When you reach the line containing "1x Balcão de" in the entries below, begin reproducing lines exactly, and stop once the line containing "Ökologischer Kugelschreiber mit" is done.

[Working data Boundary: Start]

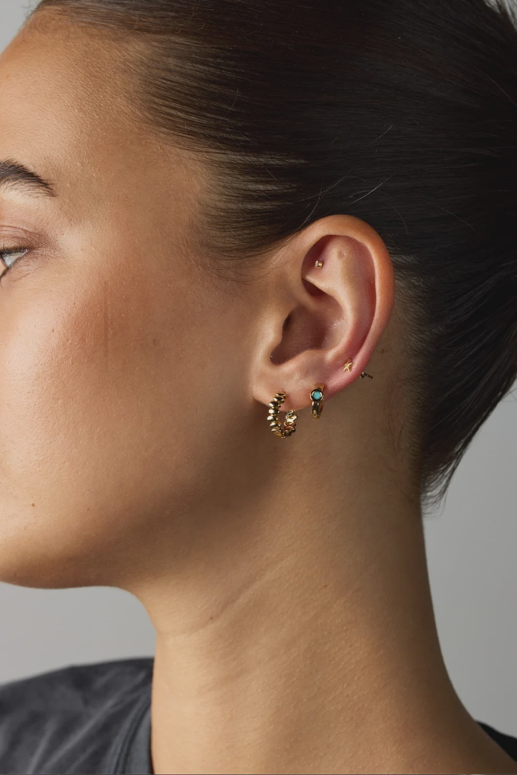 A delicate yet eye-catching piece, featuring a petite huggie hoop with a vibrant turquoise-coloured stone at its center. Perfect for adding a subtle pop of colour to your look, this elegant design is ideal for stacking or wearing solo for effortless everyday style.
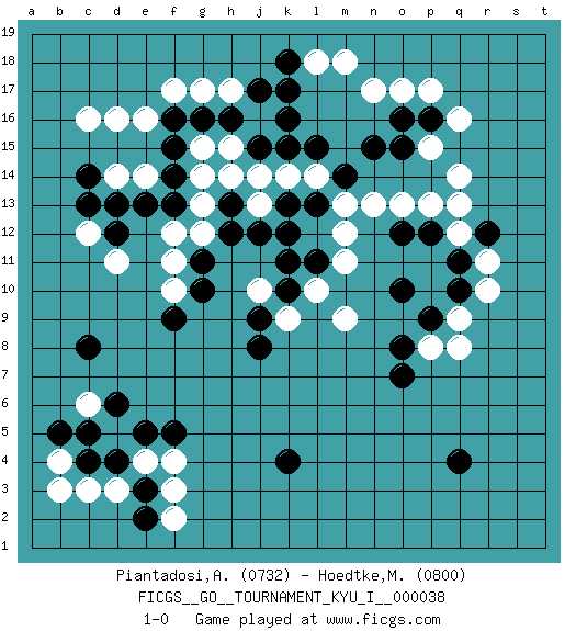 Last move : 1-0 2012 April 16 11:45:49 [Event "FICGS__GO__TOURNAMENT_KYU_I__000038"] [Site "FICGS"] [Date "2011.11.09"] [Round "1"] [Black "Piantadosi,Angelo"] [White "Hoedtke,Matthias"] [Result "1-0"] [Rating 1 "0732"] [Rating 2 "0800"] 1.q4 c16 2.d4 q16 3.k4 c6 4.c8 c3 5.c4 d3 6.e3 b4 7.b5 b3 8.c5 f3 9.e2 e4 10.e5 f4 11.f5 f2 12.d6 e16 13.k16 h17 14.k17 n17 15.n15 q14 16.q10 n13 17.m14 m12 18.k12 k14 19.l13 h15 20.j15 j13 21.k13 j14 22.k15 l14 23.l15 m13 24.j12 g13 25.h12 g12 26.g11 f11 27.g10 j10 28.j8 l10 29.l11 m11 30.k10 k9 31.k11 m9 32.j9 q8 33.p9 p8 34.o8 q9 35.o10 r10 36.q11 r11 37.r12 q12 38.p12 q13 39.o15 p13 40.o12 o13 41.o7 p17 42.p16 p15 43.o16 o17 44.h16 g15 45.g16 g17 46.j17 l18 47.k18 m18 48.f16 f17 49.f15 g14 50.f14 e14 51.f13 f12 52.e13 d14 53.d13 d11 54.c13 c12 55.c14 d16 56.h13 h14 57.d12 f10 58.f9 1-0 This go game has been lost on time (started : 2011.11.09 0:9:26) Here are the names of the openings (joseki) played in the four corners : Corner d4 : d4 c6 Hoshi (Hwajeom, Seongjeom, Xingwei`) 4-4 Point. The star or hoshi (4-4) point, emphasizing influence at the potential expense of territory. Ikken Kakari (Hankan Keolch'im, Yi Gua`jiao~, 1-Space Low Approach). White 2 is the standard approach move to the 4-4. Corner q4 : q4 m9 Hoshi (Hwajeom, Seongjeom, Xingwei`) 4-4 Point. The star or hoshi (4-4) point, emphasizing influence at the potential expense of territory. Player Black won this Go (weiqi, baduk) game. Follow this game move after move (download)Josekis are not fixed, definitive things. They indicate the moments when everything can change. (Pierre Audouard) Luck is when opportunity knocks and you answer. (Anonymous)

[Working data Boundary: End]
[Working data Boundary: Start]

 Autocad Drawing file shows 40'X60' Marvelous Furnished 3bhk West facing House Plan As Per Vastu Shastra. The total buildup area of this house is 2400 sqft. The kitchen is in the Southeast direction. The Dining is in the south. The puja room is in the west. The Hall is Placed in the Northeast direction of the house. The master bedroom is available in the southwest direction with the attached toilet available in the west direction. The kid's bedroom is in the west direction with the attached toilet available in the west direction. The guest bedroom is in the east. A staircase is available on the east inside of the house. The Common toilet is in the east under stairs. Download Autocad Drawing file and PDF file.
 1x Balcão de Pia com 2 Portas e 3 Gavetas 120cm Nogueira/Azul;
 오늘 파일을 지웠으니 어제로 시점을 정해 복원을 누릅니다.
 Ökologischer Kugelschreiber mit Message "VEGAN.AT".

[Working data Boundary: End]

:: Expected output ::
 1x Balcão de Pia com 2 Portas e 3 Gavetas 120cm Nogueira/Azul;
 오늘 파일을 지웠으니 어제로 시점을 정해 복원을 누릅니다.
 Ökologischer Kugelschreiber mit Message "VEGAN.AT".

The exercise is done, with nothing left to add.